But those very courts may be his only hope. There may be, in fact, some lingering old guard elements from before 1989, perhaps even reaching back to 1956, waiting to exonerate him. Perhaps a few of those remain who were bolstered in their legal careers for acting as he and a secret cabal of Communist Party leaders directed them, maneuvering through his 1972 attempted coup and keeping their heads down in 1989.

In most countries that left communism behind, at least a few people were prosecuted for their actions. East Germany’s former secret police are still despised, and often known for who they were. Former communists (especially security forces) in the Czech Republic are forbidden to work in government at all. In Romania, Nicolai Ceausescu was executed and the government torn down, practically to the gravel.

But Hungary "decided" to remain civil about the whole matter. No reviews of the bureaucracy, no investigations into the members of the party in government, and no removals from civil and judicial posts were undertaken. It was a very controlled affair, and it is somewhat generous of the population to have allowed such a path to be traced.

Sure, Hungary was once called the "happiest barracks" in the Eastern Bloc. But now, it’s time to gently relieve some of those soldiers of their duties. It is obvious that the resistance to the release of documents on the secret police and the criminal investigative service arise from the people who served in the Communist government. This cannot stand.

It’s shameful, really. Even now, there remain charges against people and convictions in their records dating from the persecution by people like of those deemed counterrevolutionaries. It’s a travesty that the records of those who were documented and watched, tried and sent away are partly available for destruction, but the names of those who made them miserable are off-limits. The Kenedi Committee revealed that the whole picture has been immutably altered anyways. Documents were pulped in the 90s at a staggering pace.

There is no need for a painful and visceral lustration of the government. The proceedings by which the remaining secret service and interior police forces are vetted and culled need not be humiliating or brutal. Quiet retirement and a quiet departure should be enough. But they still need to go.

I can find no justification for the continued employment of the people whose way of governing made so many miserable. Doubtless many of those still in government with ties to those years and that way of ruling still enjoy the perks associated with being "passed over" in the transition. But to strain the metaphor, that ain’t lamb’s blood on the door. That’s human blood, folks.

The universities in Hungary churn out thousands of qualified candidates whose prospects for entry into the government remain somewhat limited. Economists, finance specialists, bureaucrats and lawyers are plentiful and often underutilized. A common lament I have heard from young Hungarian careerists is the suspicion they face in offices dominated by grey-haired holdouts. One young auditor even claims she was vetted for ties to the current party in power (Fidesz) during her first year in government. There is something very wrong with that.

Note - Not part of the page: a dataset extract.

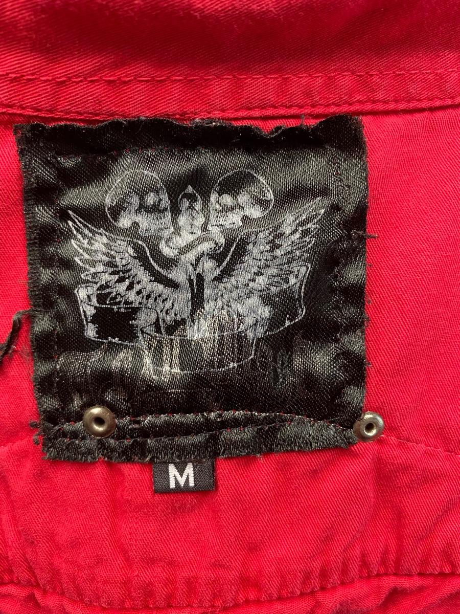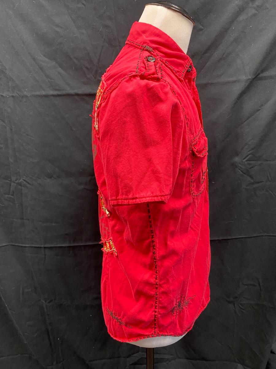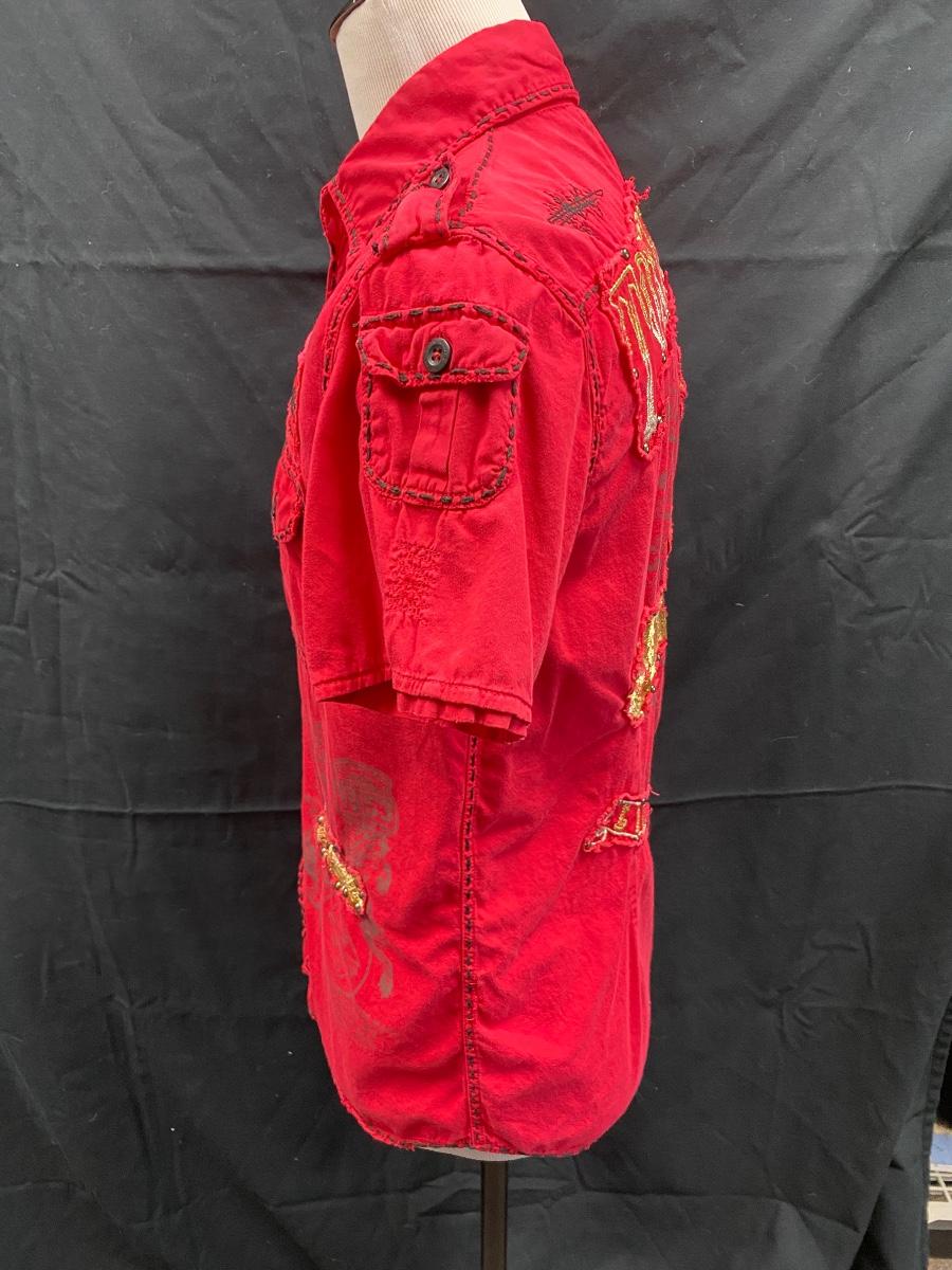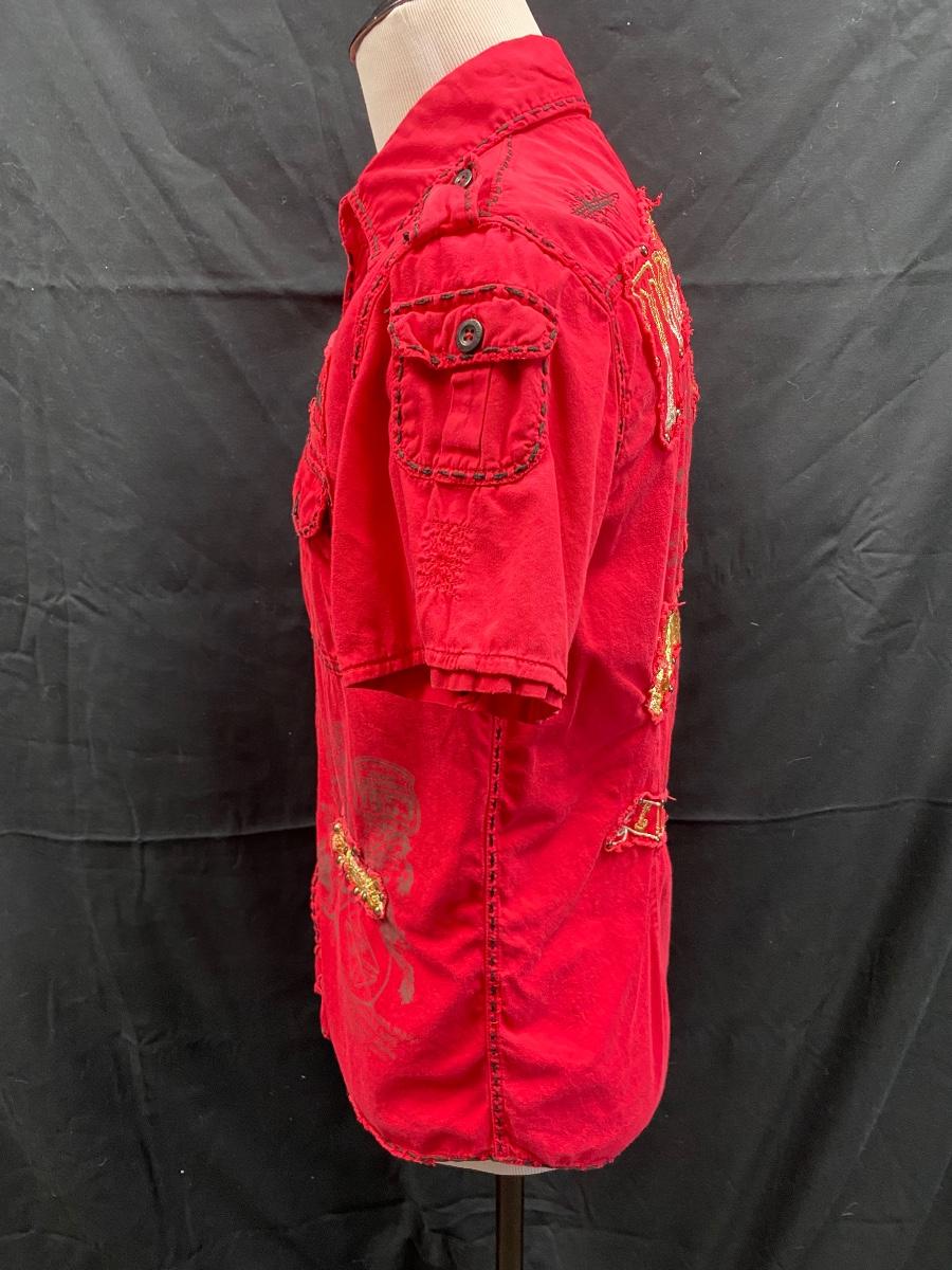Men's Toxic Waste Los Angeles Distressed Motorcycle Red Button Front Shirt Medium

Would removing a few of these former oppressors via retirement (mandatory or "suggested") really wound the conscience of a country that has allowed nearly 22 years more time for them to accumulate pension benefits and salary?

I think not. As it stands, the smooth transition has served little purpose other than to embolden the cogs in that old machine to once again oppress people. In the mean time, the evidence of their past misdeeds is being erased, and along with it goes the hope of any justice for the people they harmed.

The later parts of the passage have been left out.